Posted Jul 30, 2014 by Calvin Wolf
Texas attorney general Greg Abbott, the Republican nominee for governor this fall, says that the state's ban on gay marriage should be upheld because gay couples are allegedly not as conducive to "stable" families and child-rearing.
Texas Attorney General Greg Abbott
Texas Attorney General Greg Abbott
Attorney General Of Texas Website
Texas attorney general Greg Abbott is supporting the state's continued ban on same-sex marriages by arguing that the ban allows for Texas to better promote "stable, lasting relationships," reports the Associated Press. Abbott, the Republican nominee for governor this fall, also says that Texans have the right under the U.S. Constitution's equal protection clause to define marriage in the way they wish. Unfortunately for Abbott, he is on the wrong side of history. As a Texan, I am displeased that this man is a mouthpiece for our state.
Like other conservative state politicians, such as New Jersey governor Chris Christie, Abbott is trying to disguise bigotry as freedom. The U.S. Constitution was created expressly to prevent the "freedom" of the majority vote from oppressing the minority, which is why Abbott's citation of the equal protection clause is puzzling. The equal protection clause is intended to uphold the rights and freedoms of the minority, not give the majority free reign.

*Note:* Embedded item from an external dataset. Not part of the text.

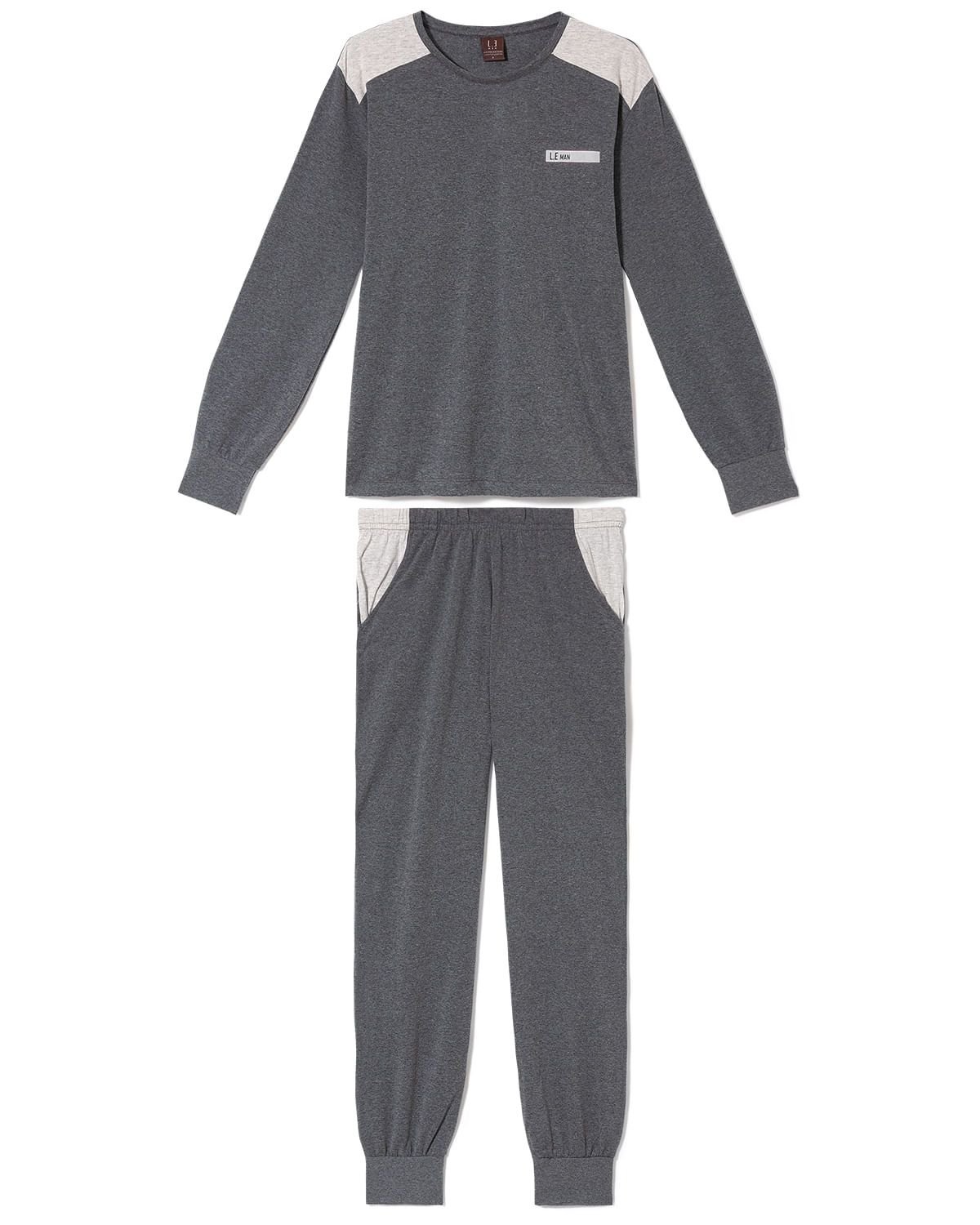 O pijama de algodão é uma peça essencial, principalmente para os homens que priorizam sempre o conforto. A blusa de mangas longas, possui gola careca e recorte nos ombros, já a calça tem como destaque o tom contrastante nos bolsos, e punhos no barrado. Ótima opção para aproveitar o melhor do descanso com muito aconchego.

If we followed Abbott's logic, states and state voters would still be allowed to uphold the doctrine of separate but equal, for separate but equal was once supported by majority vote. Would any politician, even a conservative like Abbott, dare suggest that we allow institutionalized racism to return in any U.S. state just because a majority of voters wished it? Obviously not. To me, it is strange that ultraconservative politicians will pay lip service to the policies that helped bring about racial and gender equality while still trying to justify discrimination based on sexual orientation.
Replace "gay" or "same-sex" with "black" and "Hispanic" and see how these conservative laws against certain types of marriage sound. Does this sound too extreme? Consider Abbott's own logic as to why the ban on gay marriage should be upheld: It is allegedly less conducive to "stable, lasting relationships." Then look at the statistics on marriage by race and level of education. How many racial, ethnic, religious, or other societal groups have marriage statistics indicating that those marriages are less than stable and lasting?
When you throw in other statistics, including annual income, level of education attainment, and incarceration rates, how many different groups should be banned from marrying in Texas? I doubt, of course, that Abbott would be willing to broach that issue. But, if in the name of protecting voters' rights, we are going to go there, let us go there.
Should blacks be allowed to marry? Do they form stable and lasting relationships conducive to productive child-rearing? What about Hispanics? Asians? Whites? Native Americans? Native-born citizens? Immigrants? Which groups should be allowed state-sanctioned matrimony? Perhaps we should only allow college-educated people to marry each other since, statistically speaking, those couples are better at raising healthy, productive children.
Do ex-cons have stable, lasting marriages? The disabled? Those with depression or personality disorders?
Sorry, Greg, but your logic does not stand up to the type of scrutiny you are inviting. It's a hop, skip, and a jump to totalitarian eugenics, all masquerading as voter freedom. I do recall that there was some guy who was voted into office in Germany in 1932 by majority vote as well...but I forget his name.